RESEARCH
AREAS
Data
Mining and Knowledge Discovery
Data mining (DM) is the process of extracting relevant knowledge from
large and complex data sets. A broader process, Knowledge Discovery (KD)
(also refereed in a limited scope as knowledge discovery from databases
(KDD)) involves preprocessing (data preparation), DM and post processing
(knowledge refinement) processes. DM algorithms work on pre-processed
data and knowledge refinement processes validate and refine discovered
knowledge. My interests in DM and KD revolve around both basic and applied
research. In particular, I am interested in developing fundamentally
new techniques that build on soft computing, pattern matching, statistical,
and biological systems. For the applied aspects, I am interested in
applications of DM and KD to Internet security. Of special interest
are anomaly detection in World Wide Web and computer networks to identify
intruders and malicious activity and, detection and control of malicious
executables.
Fault
Mitigation in Software Systems
The search for fundamental principles of fault tolerance in human-engineered
complex dynamic systems is very new. We are interested in modeling complex
dynamic systems as hybrid interacting automata whose continuously varying
dynamics capture the physical process at the lowest level of abstraction.
Discrete event models at the higher levels capture the cognitive response
of the system to observed emerging physical phenomena. Our broader aim
is to formulate analytical models of the higher-level dynamics of component
interactions triggered by all types of individual failures to (i) predict
emerging pathological system behavior from time-series observations
of events and their dynamic interactions, and (ii) formulate adaptive
mechanisms to circumvent or mitigate the effects of pathological behavior.
In
particular, my interests are mitigation of faults in complex software
systems. One area that we are currently exploring is to model interactions
of software applications with the Operating System as a deterministic finite state
automaton (DFSA) (i.e., a regular language) and apply the Supervisory
Control Theory for development of a recognizer of this language to control
and mitigate faults in software execution. Specifically, the discrete-event
supervisor restricts the legal language of the model in an attempt to
mitigate the normal detrimental consequences of faults or undesirable
events.
Web
and Internet Security
Web caching, Web site reorganization, Web personalization, Web optimization,
Trust and related protocols. My interests are design and implementation,
security aspects of the World Wide Web at the system level. I am also
interested in design of algorithms, Internet protocols, Internet programming,
study of Internet attack methods, and building software based Internet
security mechanisms above the IP layer. I am also interested in authentication
and trust protocols and methods, Internet security policies, mobile
code control of malicious software, and intrusion detection.
Soft
Computing
Soft Computing (SC) consists of Fuzzy Logic, Neural Computing, Evolutionary
Computation, Machine Learning, and Probabilistic Reasoning, which include
belief networks, chaos theory and parts of learning theory. SC tolerates
imprecision, uncertainty, partial truth, and approximation to achieve
tractability, robustness and low solution cost. SC has been influenced
by a lot of earlier work but I attribute the most influence on SC (in
its present form) to Zadeh's 1965 paper on fuzzy sets; the 1973 paper
on the analysis of complex systems and decision processes; and the 1979
report (1981 paper) on possibility theory and soft data analysis. The
inclusion of neural computing and genetic computing in soft computing
came at a later point. SC is a foundational component for the emerging
field of conceptual intelligence.
I
am interested in doing basic and applied work in soft computing with
applications to the Internet, World Wide Web, and computer networks.

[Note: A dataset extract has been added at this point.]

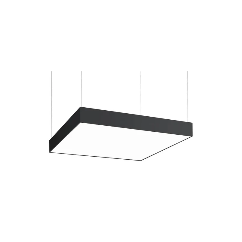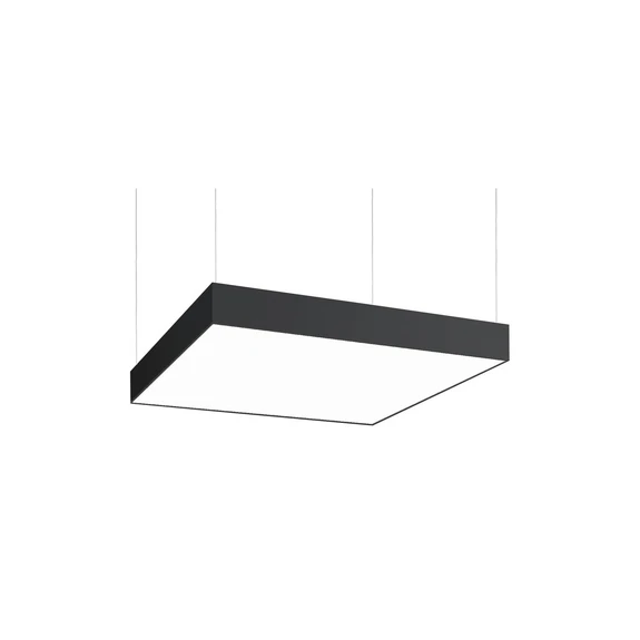 Квадратна LED висяща лампа Biro с електронно управление, димируема по DALI Biro Circle е квадратна LED висяща лампа с плосък алуминиев абажур, затворен в долната си част с пластмасов капак в опалово бяло. Абажурът е окачен от тавана на четири стоманени въжета, което му придава почти плаващ вид и прави окачването променливо. Висящото осветително тяло е оборудвано с електронна, контролирана от DALI и димируема контролна апаратура. То е идеално за осветяване на офиси или заседателни зали - с ротационно симетрично, тясно-широкообхватно светлоразпределение - общ индекс на цветопредаване CRI > 80 - материал на корпуса: алуминий / стомана / пластмаса - допустима температура на околната среда (ta): -20 °C - +25 °C - с електронна контролна апаратура, димируема по DALI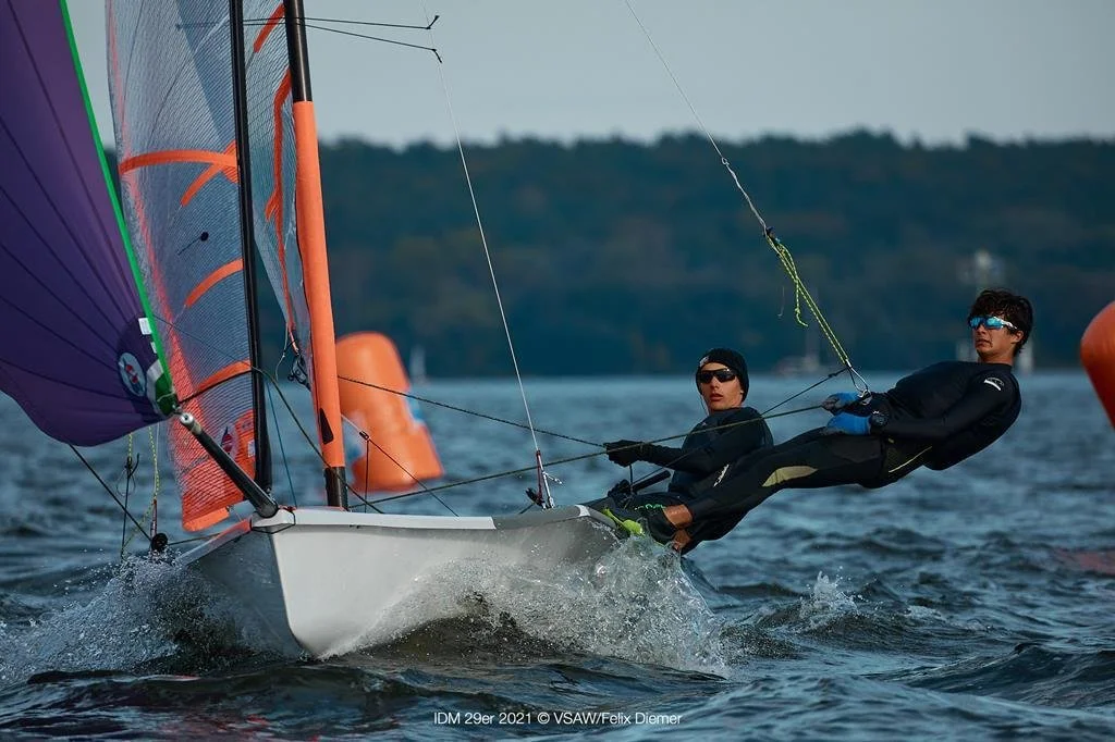 Since quite a while we had been thinking of sailing together, however both of us had another partner before. After Amal’s partner quit sailing though, it was time to finally make the move and start sailing together seriously. We were not left a lot of time to prepare and started right into the International German Youth Championship on our home waters, Wannsee. Throughout the competition we quickly noticed, that we are made for each other and could adapt to one another quickly. Therefore we were able to sail satisfactory results finishing 7th overall on day three of four, but unfortunately dropping five places due to the last race. A great success and a great experience that will not be forgotten was our first place on day two.

Earlier in my research, I have applied two organizing principles of
functional architecture of mammalian primary visual cortex: (1) Competitive
learning and (2) Hebb type learning to image restoration and segmentation.
I am interested in extending this work to apply to steganography (hiding
messages in Web images, etc.)
World
Wide Web and Computer Networks
This area includes the ability of the network to monitor itself, find
alternate paths for traffic through the network and modify these paths
dynamically based on the state of the network. The specific topics of
interest in this area are: (1) Load estimation based on the history
of network traffic at node level. Considerable success has been achieved
in using recurrent neural nets to predict chaotic time series like those
based on Glass-Mackey equation. The advantage of these techniques is
that hardware implementation can result in real time load estimation.

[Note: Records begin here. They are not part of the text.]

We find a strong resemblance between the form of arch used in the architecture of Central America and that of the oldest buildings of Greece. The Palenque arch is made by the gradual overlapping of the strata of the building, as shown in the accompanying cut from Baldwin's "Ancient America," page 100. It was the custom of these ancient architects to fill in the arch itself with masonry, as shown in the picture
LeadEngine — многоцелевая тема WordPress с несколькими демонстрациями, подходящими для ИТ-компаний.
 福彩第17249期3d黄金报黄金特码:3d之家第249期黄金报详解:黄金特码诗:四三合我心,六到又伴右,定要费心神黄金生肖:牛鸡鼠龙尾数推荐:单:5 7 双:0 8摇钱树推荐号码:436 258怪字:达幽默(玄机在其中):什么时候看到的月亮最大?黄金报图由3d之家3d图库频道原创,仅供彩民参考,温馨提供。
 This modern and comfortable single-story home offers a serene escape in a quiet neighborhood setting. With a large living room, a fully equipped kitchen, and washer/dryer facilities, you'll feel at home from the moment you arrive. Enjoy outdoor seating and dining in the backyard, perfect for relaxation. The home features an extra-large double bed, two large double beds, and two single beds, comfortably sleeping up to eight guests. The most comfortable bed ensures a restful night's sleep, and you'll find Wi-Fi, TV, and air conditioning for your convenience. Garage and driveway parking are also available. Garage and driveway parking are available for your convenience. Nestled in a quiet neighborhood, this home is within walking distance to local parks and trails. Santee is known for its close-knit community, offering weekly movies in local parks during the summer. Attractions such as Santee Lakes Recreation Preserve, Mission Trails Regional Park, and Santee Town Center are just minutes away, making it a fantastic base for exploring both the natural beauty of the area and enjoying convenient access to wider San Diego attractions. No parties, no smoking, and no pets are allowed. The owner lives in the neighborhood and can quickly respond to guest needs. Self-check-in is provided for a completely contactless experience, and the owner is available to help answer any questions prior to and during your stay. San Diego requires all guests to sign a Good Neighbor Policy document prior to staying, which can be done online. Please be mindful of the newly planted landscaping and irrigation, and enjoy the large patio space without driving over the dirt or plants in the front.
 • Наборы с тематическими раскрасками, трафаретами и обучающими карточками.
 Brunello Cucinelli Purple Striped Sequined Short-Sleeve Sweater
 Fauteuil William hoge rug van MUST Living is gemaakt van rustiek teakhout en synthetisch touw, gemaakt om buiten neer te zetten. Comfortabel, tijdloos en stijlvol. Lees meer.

(2) Adaptive route selection. In case of failure of particular channel
or path, fast rerouting of traffic is very important. Number of possible
routes in a densely connected network (or a wide area network with a
number of LANs acting as nodes or even mobile units acting as nodes)

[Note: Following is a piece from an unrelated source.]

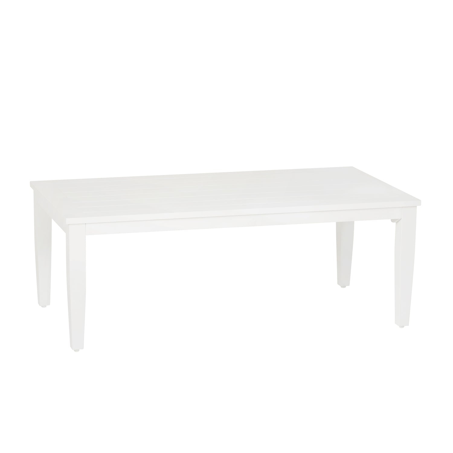 Bring a relaxed coastal feel to your outdoor space with this versatile coffee or side table. Built from lightweight yet durable aluminum in a white powder-coated finish, it serves as a sturdy anchor that’s easy to reposition as needed. The slatted tabletop evokes breezy, beachside style while allowing rain to drain through effortlessly. Tapered legs and clean lines strike a balance between polished and casual, while the generous surface is perfect for everything from evening cocktails and shared hors d’oeuvres plates to large decorative accents. A natural fit for patios, decks, or tucked-away garden corners.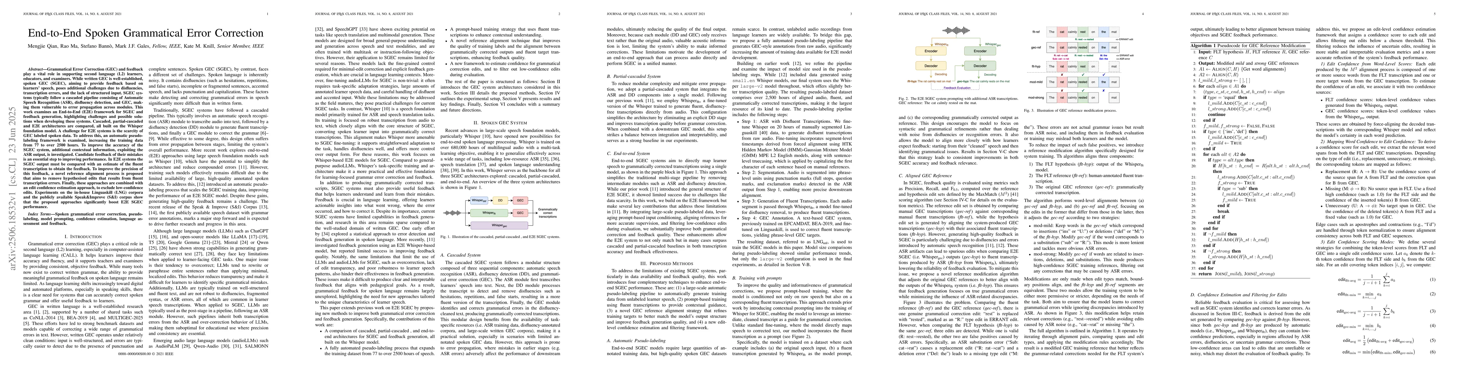 This research introduces an End-to-End framework for Spoken Grammatical Error Correction (SGEC) and feedback generation, addressing challenges like error propagation in cascaded systems. By using the Whisper foundation model, they compare E2E, partial-cascaded, and traditional architectures. To tackle scarce SGEC labeled spoken data, an automatic pseudo-labeling framework expands training data. Additional context from ASR output and a novel reference alignment process improve SGEC accuracy. Experiments on Linguaskill and Speak & Improve corpora demonstrate significant performance enhancement with these approaches.

can increase combinatorialy. The selection of paths will also depend
upon the importance of the message, the existing traffic and the topology
of the network. I want to apply here some of the emerging techniques
using Neural Nets (Hopfield net and Kohonen's feature maps) to find
optimal path in a dynamic environment; I am also interested in exploring
the Genetic algorithms and Fuzzy logic, these techniques may have potential.